PROBLEM STATEMENT => What you return must match the listing below line for line, minus its pictures.

*** GIVEN MATERIAL ***

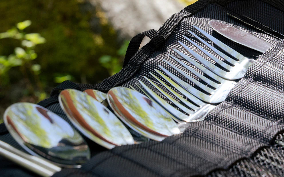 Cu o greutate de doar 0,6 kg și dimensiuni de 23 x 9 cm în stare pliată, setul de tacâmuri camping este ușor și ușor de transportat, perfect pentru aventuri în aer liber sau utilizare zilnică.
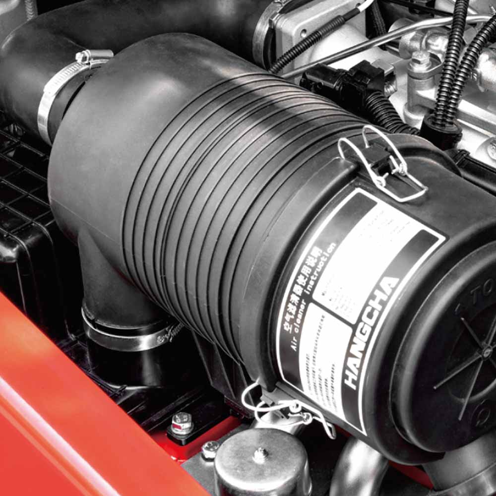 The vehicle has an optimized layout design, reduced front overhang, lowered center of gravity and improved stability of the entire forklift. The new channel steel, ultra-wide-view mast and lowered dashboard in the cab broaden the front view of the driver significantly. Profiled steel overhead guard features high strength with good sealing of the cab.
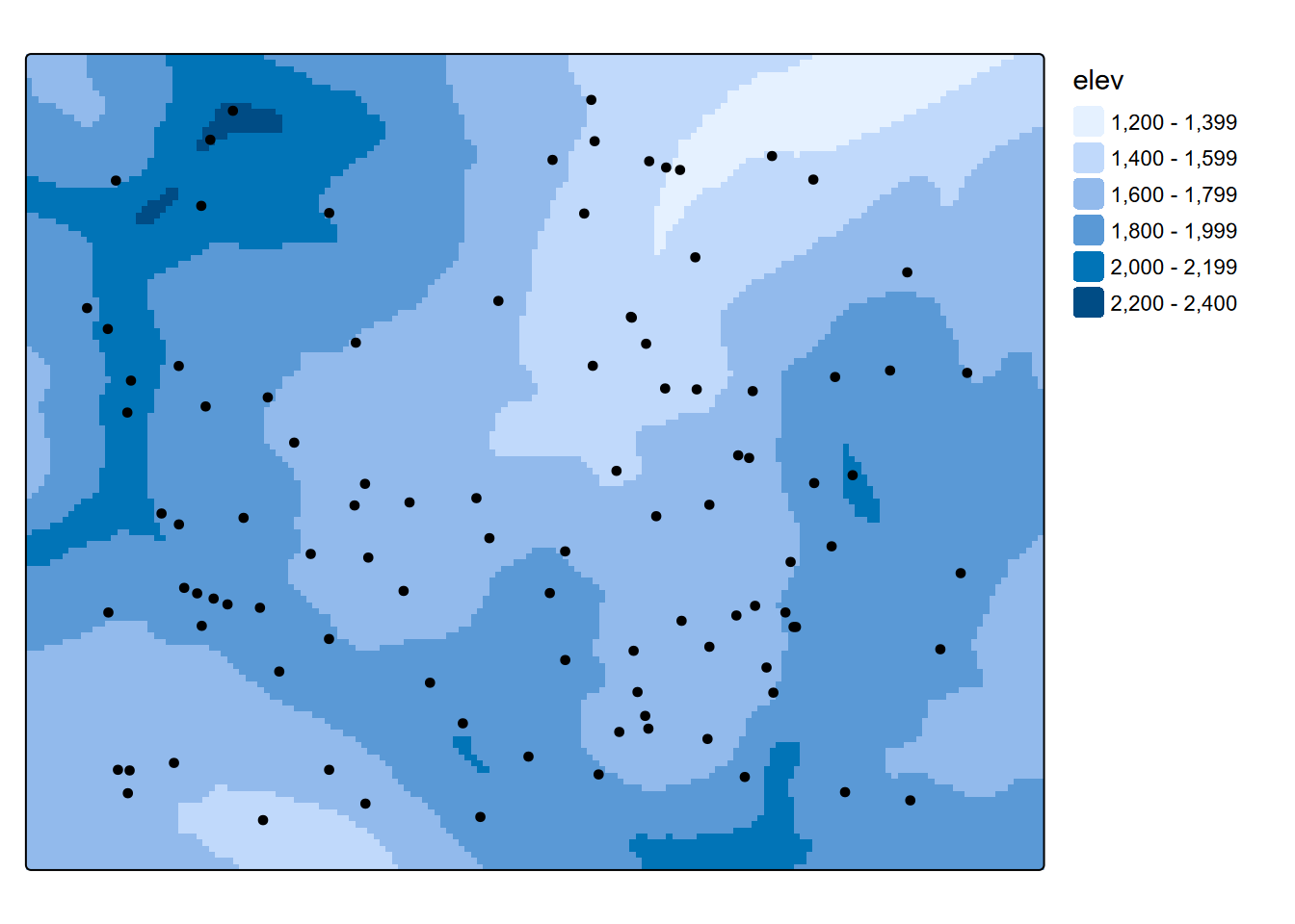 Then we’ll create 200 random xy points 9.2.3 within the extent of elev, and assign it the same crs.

*** End of GIVEN MATERIAL ***

RESULT =>
 Cu o greutate de doar 0,6 kg și dimensiuni de 23 x 9 cm în stare pliată, setul de tacâmuri camping este ușor și ușor de transportat, perfect pentru aventuri în aer liber sau utilizare zilnică.
 The vehicle has an optimized layout design, reduced front overhang, lowered center of gravity and improved stability of the entire forklift. The new channel steel, ultra-wide-view mast and lowered dashboard in the cab broaden the front view of the driver significantly. Profiled steel overhead guard features high strength with good sealing of the cab.
 Then we’ll create 200 random xy points 9.2.3 within the extent of elev, and assign it the same crs.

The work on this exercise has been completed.